In his debut chapbook, Samuel Snoek-Brown takes readers through the lives of characters who struggle with what it means to live in and make sense of a world that seems to be slipping from the very fingers by which they try to grasp it. In language that is poetic, evocative, and lean, Snoek-Brown has managed to create a world that is authentic and laced with pain that lingers long after you have finished the book.
As a new author myself, I understand the importance of capturing your reader and holding their attention. In “Distance”, we are introduced to Lemuel and the cell phone that he impulsively buys:
It’s been a month since he’d impulsively bought the cell phone for the feed business, and Lemuel hadn’t seen any use for it until that day in San Antonio when the semi tipped and stopped traffic flat.

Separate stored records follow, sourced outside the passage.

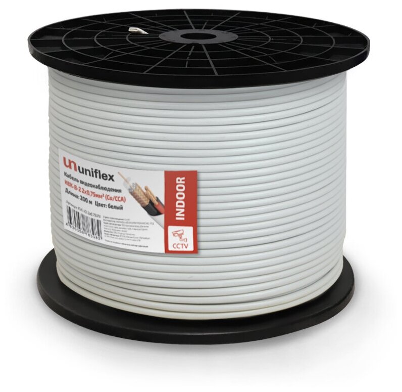 Video surveillance cable KVK-V-2 2x0.75mm Cu/CCA, white UNIFLEX 200m
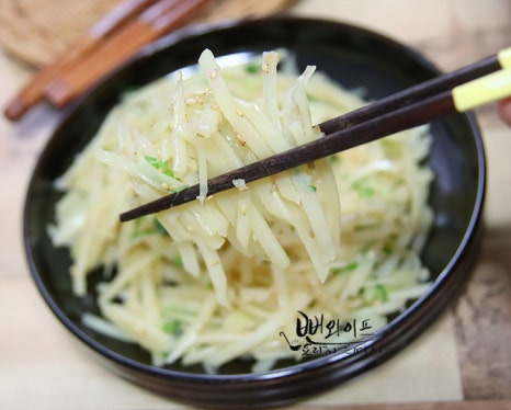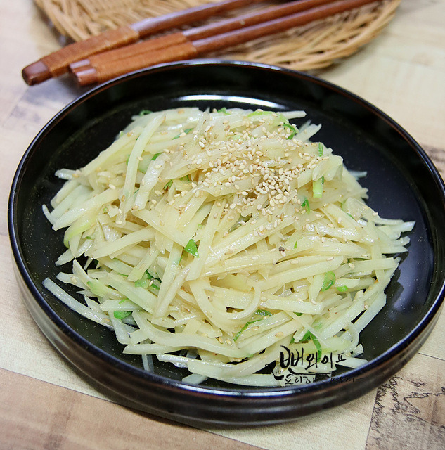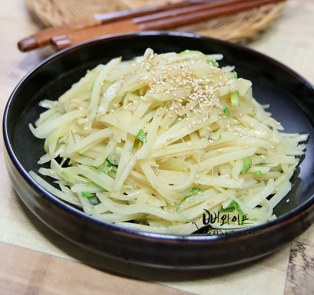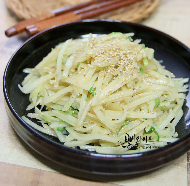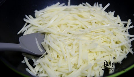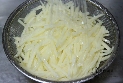 감자도 곱게 채 썰어서 물에 씻어 전분기를 빼준 다음 물기를 잘 제거해 줍니다.
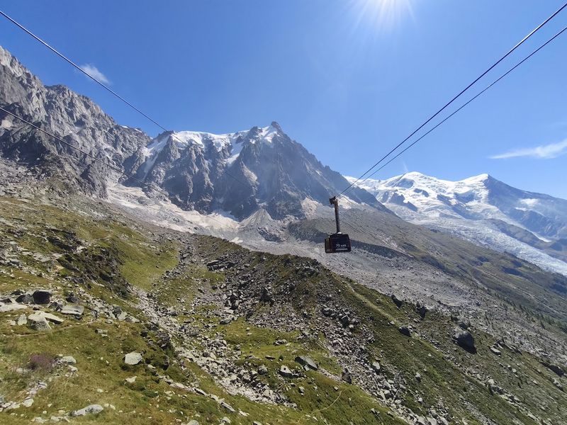 Weiter geht’s mit unserem Bus nach Chamonix, dem vielbesuchten Wintersportort in den französischen Alpen. Unsere Blicke richten sich während der Fahrt immer wieder nach vorn: wie wird sich das Wetter in Chamonix zeigen? Und das Wetter spielt mit: blauer Himmel und strahlender Sonnenschein. Wir wollen heute hoch hinauf auf 3.842 m.ü.M. Der Aiguille du Midi, ein Vorgipfel zum Mont Blanc, wartet auf uns und wir haben weiterhin Glück: wir bekommen auch ohne Voranmeldung ein Zeitfenster für die Auffahrt mit der Seilbahn.
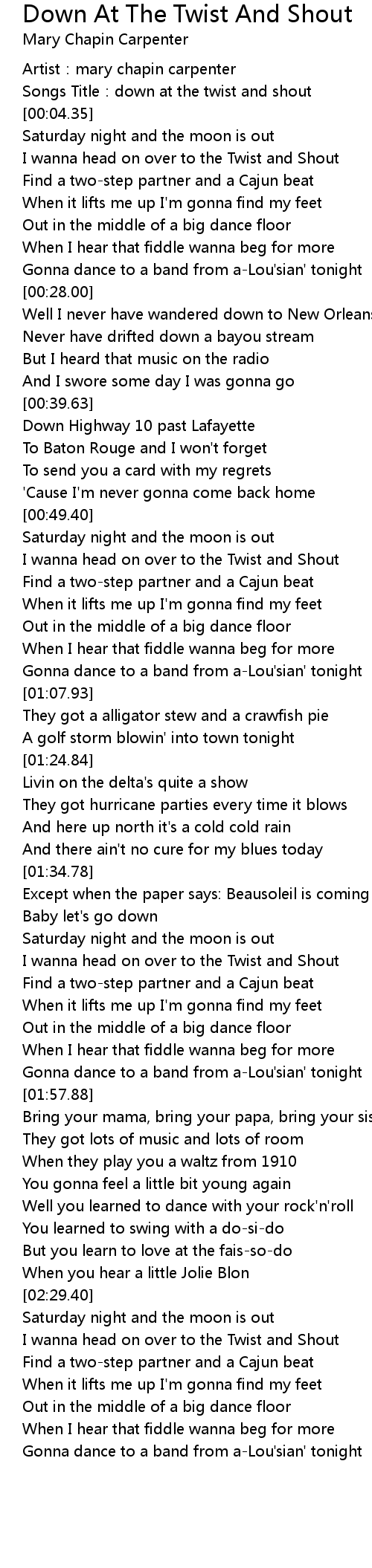 | [02:32.40] | I wanna head on over to the Twist and Shout |
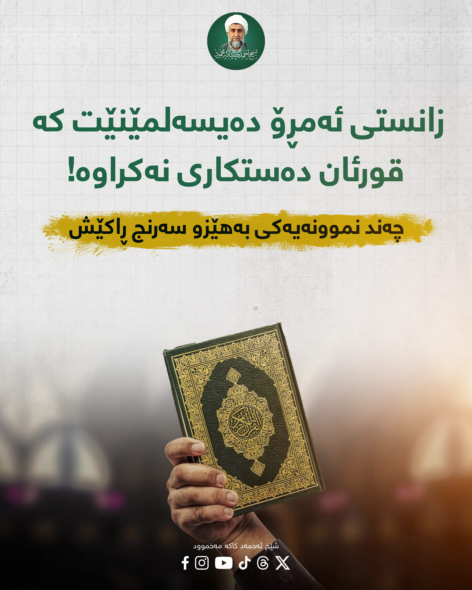 زانستی ئەمڕۆ دەیسەلمێنێت كە قورئان دەستكاری نەكراوەو پارێزراوە.! نووسینی/ پارێزەر: عبدالدائم الكحیل هەندێ پێیان وایە ئەو قورئانەی ئێستا لەبەر دەستماندایە ناتەواوە و چەندین ئایەتی دیار نەماوە.. لێرەوە دەپرسین ئایا زمانی ژمارەكان دەتوانن بیسەلمێنن ئەم بۆچوونە هەڵەیە؟ با بڕوانین..: ژمارە حەوت باشترین ژمارەیە كە حساباتەكانی قورئانی لەسەر بكەین لەبەر زۆر هۆكار، گرنگترینی ئەوەیە كە پەروەردگار سیستەمێكی لە گەردووندا داناوە لەسەر ژمارە حەوت بنیاتنراوە. بۆ نموونە: - هەموو گەردیلەیەكی گەردون لە حەوت چین پێكهاتووە. - هەروەها هەریەك لە زەوی و ئاسمان لە حەوت چین پێكهاتوون. - قورئانی پیرۆز بە گەورەترین سورەت (الفاتحة) دەستپێدەكات كە لە حەوت ئایەت پێكهاتووە (سبع المثاني). - وە یەكەم ژمارە لە قورئاندا باسكراوە ژمارە حەوتە، لە ئایەتی: هُوَ الَّذِي خَلَقَ لَكُم مَّا فِي الْأَرْضِ جَمِيعًا ثُمَّ اسْتَوَىٰ إِلَى السَّمَاءِ فَسَوَّاهُنَّ سَبْعَ سَمَاوَاتٍ ۚ وَهُوَ بِكُلِّ شَيْءٍ عَلِيمٌ ﴿٢٩﴾. البقرة. وەك دەزانین ژمارەی سورەتەكانی قورئان (114) سورەتن، ژمارەی ئایەتەكانی (6236) ئایەتن، ژمارەیەكی تری گرنگ هەیە ئەویش ژمارەی ساڵەكانی دابەزینی قورئانە كە (23) ساڵە. ئەم سێ ژمارەیە سیستەمێكی ژمارەیی سەرنجڕاكێش پێكدەهێنن، كاتێك ئەم ژمارانە دەخەینە پاڵ یەك، دەبینین دابەش دەبن بەسەر ژمارە حەوتدا و هیچیان لێ نامێنێتەوە. بۆ نموونە: بەزمانی وشەكان دەڵێین: خوای گەورە لە (23) ساڵدا (114) سورەتی دابەزاندووە. بە زمانی ژمارەكان دەنوسین: تەنیا دوو ژمارەكە دەخەینە پاڵ یەك ئەنجامەكەی (23114)، كە ئەم ژمارەیە بەهەردوو ئاڕاستەكە دابەشی ژمارە حەوت دەبێت و هیچی نامێنێتەوە. كاتێك ژمارەكە دەخوێنینەوە لە چەپەوە بۆ ڕاست (23114/7 = 3302) كاتێك ژمارەكە لە ڕاستەوە بۆ چەپ دەخوێنینەوە (41132/7 = 5876). بە زمانی وشەكان دەڵێین خوای گەورە ئایەتەكانی قورئان كە (6236) ئایەتە دابەزاندووە لە (23) ساڵدا. بەڵام بە زمانی ژمارەكان تەنیا ژمارەكان دادەنێین: ئەنجامەكەی (236236) كە ئەمیش بە هەردوو ئاڕاستەكە دابەشی ژمارە حەوت دەبێت و هیچی نامێنێتەوە . كاتێك ژمارەكە لە چەپەوە بۆ ڕاست دەخوێنینەوە (236236 / 7 = 33748) بەڵام كاتێك ژمارەكە لە ڕاستەوە بۆ چەپ دەخوێنینەوە (632632/ 7 = 90376) ئێستا ئەگەر بە زمانی وشەكان گوتمان: خوای گەورە (6236) ئایەتی داناوە لە (114) سورەتدا. دەتوانین ئەم ڕاستیە بە زمانی ژمارەكان دەرببڕین و تەنیا ژمارەكان دانێین: ئەنجامەكەی (1146236) دەبێت، كە ئەمیش بە هەردوو ئاڕاستەكە دابەشی ژمارە حەوت دەبێت و هیچی نامێنێتەوە!! كاتێك لە چەپەوە بۆ ڕاست ژمارەكە دەخوێنینەوە (1146236/ 7 = 163748) وە كاتێك لە ڕاستەوە بۆ چەپ ژمارەكە دەخوێنینەوە (6326411/ 7 = 903773) لێرەدا دەڵێن ئەگەر یەكێك لە هاوەڵان ئایەتێكی زیاد بكردایە یان كەمی بكردایە هەموو هاوكێشەكانی پێشوو تێكدەچوو. لەبەرئەوە ئەم هاوكێشانە بەڵگەن لەسەر ئەوەی قورئان دەستكاری نەكراوە و ناكرێت ئەمانە بخرێنە پاڵ ڕیكەوت. ♦️ ئەگەر دەتوانن و ڕاست دەکەن فەرموون تەنها ئایەتێک یان نیو ئایەت لە شێوەی قورئان بهێنن. پڕۆژە بانگەوازییەکانی شێخ احمد کاکە محمود رحمه الله.
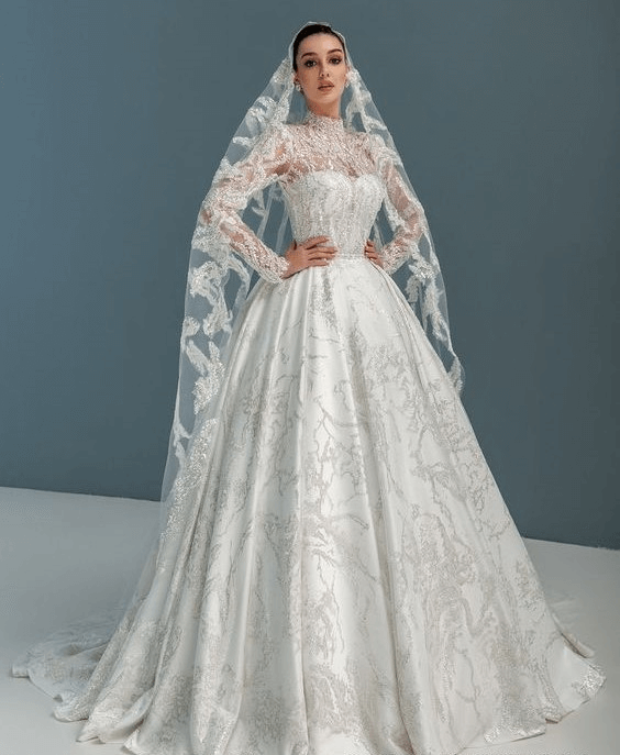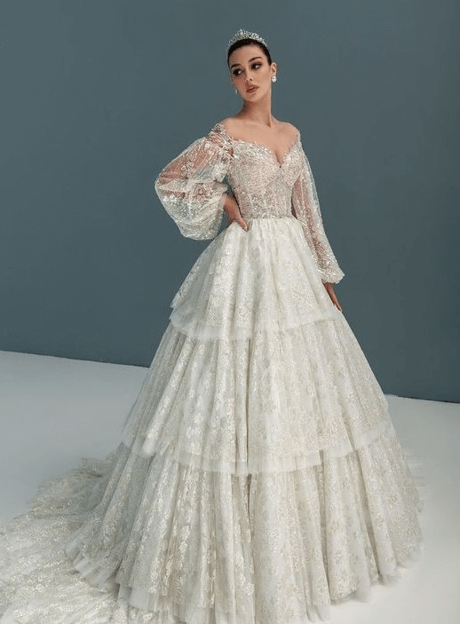 Designed for drama, this voluminous ballgown showcases couture-level lace sleeves and a structured full skirt. For brides who envision classy elegant princess wedding dresses, this gown delivers impact and regality while maintaining modern simplicity in its construction.

As I first began to read the story, I wondered how this would play out: a cell phone, a man, and a Swisher Sweet. I wondered at the idea of how this seemingly normal thing—buying a cell phone—turned into a situation that questions a person limits, their desires. When the story ended, Snoek-Brown had woven a tale of simmering loneliness and what it will make you do—the fantasy world that one will create in order to satiate that loneliness; the inevitability that one must acknowledge and accept when it comes to distance and the loneliness that it is bound to cause. This narrative of “distance”, after reading, does not seem so far away—it resonates and clings to the skin.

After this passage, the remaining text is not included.